[EXERCISE INPUTS — start]

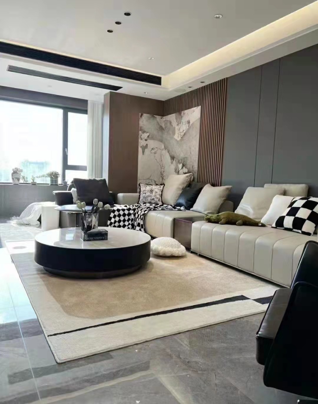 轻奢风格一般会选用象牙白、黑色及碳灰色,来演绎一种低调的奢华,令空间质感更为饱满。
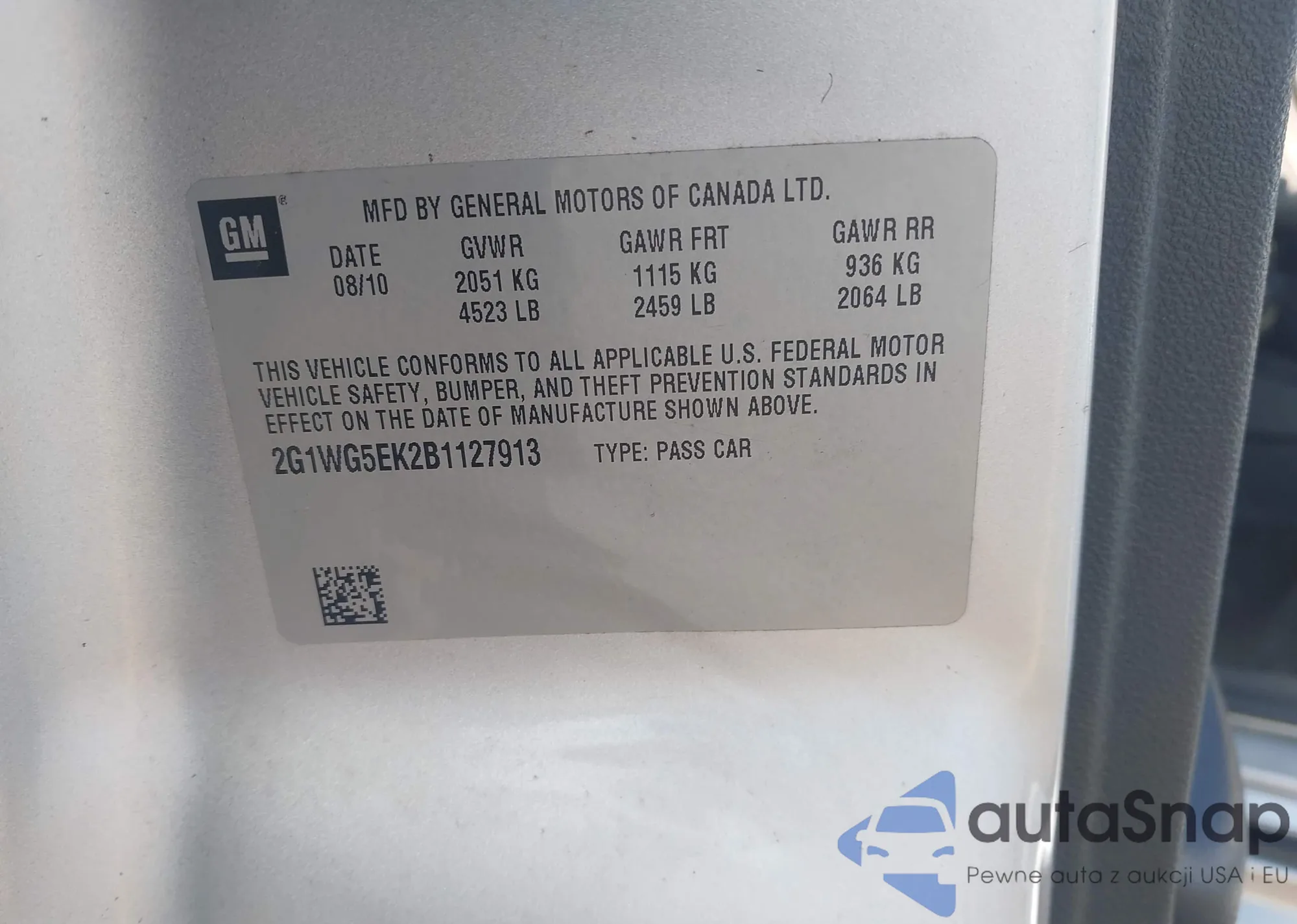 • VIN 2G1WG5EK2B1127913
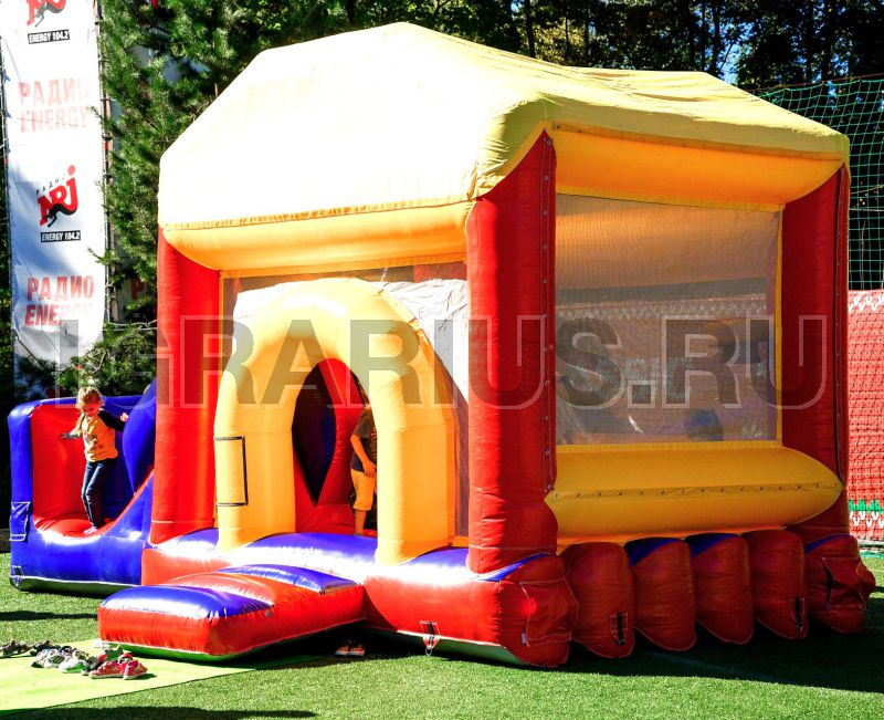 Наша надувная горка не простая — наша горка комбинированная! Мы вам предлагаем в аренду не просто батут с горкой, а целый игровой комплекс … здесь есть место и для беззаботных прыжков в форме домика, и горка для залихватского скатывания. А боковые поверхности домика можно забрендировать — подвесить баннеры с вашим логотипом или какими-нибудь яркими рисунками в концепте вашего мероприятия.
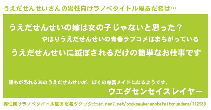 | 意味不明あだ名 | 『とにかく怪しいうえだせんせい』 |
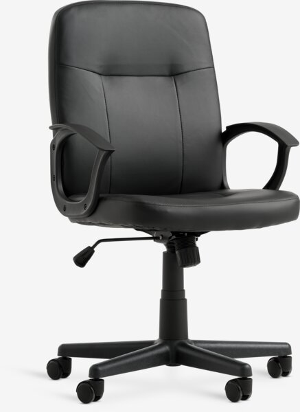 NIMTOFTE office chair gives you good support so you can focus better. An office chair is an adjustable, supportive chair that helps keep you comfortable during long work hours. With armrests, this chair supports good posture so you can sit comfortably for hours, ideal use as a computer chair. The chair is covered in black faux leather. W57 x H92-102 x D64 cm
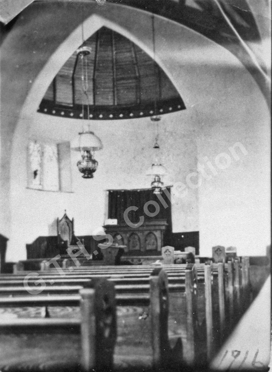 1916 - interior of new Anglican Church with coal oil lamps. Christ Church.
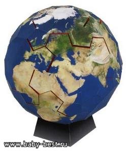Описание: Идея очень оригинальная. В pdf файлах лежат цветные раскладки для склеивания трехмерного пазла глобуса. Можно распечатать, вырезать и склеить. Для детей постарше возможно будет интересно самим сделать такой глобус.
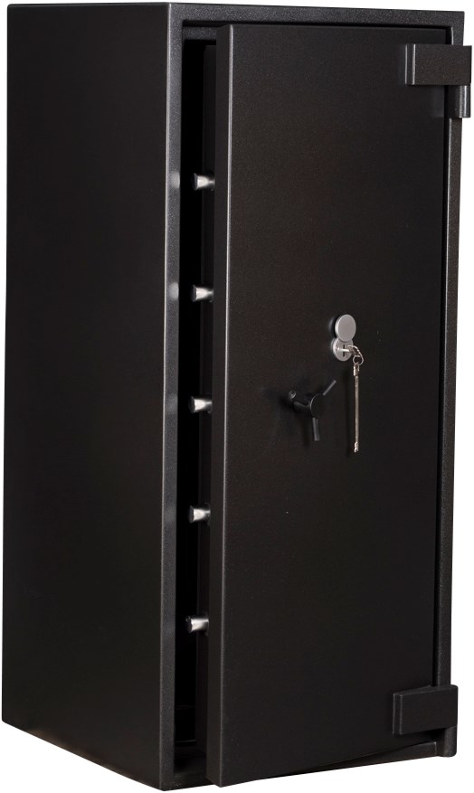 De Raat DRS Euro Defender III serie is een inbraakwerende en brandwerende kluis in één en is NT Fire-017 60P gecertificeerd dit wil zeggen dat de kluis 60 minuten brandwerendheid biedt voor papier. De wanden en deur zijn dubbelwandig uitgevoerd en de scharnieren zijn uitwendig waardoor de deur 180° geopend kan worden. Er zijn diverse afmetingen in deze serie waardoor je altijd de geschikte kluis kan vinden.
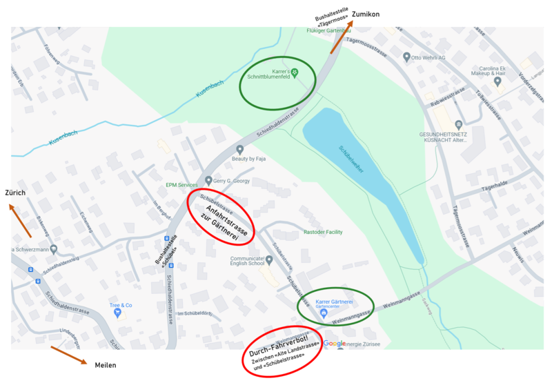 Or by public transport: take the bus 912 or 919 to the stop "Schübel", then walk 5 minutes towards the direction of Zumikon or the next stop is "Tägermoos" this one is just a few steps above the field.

[EXERCISE INPUTS — finish]

§ WHAT YOU HAVE TO DO: Verbatim copy without images: write the records above out in full.

§ TASK RESULT:
 轻奢风格一般会选用象牙白、黑色及碳灰色,来演绎一种低调的奢华,令空间质感更为饱满。
 • VIN 2G1WG5EK2B1127913
 Наша надувная горка не простая — наша горка комбинированная! Мы вам предлагаем в аренду не просто батут с горкой, а целый игровой комплекс … здесь есть место и для беззаботных прыжков в форме домика, и горка для залихватского скатывания. А боковые поверхности домика можно забрендировать — подвесить баннеры с вашим логотипом или какими-нибудь яркими рисунками в концепте вашего мероприятия.
 | 意味不明あだ名 | 『とにかく怪しいうえだせんせい』 |
 NIMTOFTE office chair gives you good support so you can focus better. An office chair is an adjustable, supportive chair that helps keep you comfortable during long work hours. With armrests, this chair supports good posture so you can sit comfortably for hours, ideal use as a computer chair. The chair is covered in black faux leather. W57 x H92-102 x D64 cm
 1916 - interior of new Anglican Church with coal oil lamps. Christ Church.
Описание: Идея очень оригинальная. В pdf файлах лежат цветные раскладки для склеивания трехмерного пазла глобуса. Можно распечатать, вырезать и склеить. Для детей постарше возможно будет интересно самим сделать такой глобус.
 De Raat DRS Euro Defender III serie is een inbraakwerende en brandwerende kluis in één en is NT Fire-017 60P gecertificeerd dit wil zeggen dat de kluis 60 minuten brandwerendheid biedt voor papier. De wanden en deur zijn dubbelwandig uitgevoerd en de scharnieren zijn uitwendig waardoor de deur 180° geopend kan worden. Er zijn diverse afmetingen in deze serie waardoor je altijd de geschikte kluis kan vinden.
 Or by public transport: take the bus 912 or 919 to the stop "Schübel", then walk 5 minutes towards the direction of Zumikon or the next stop is "Tägermoos" this one is just a few steps above the field.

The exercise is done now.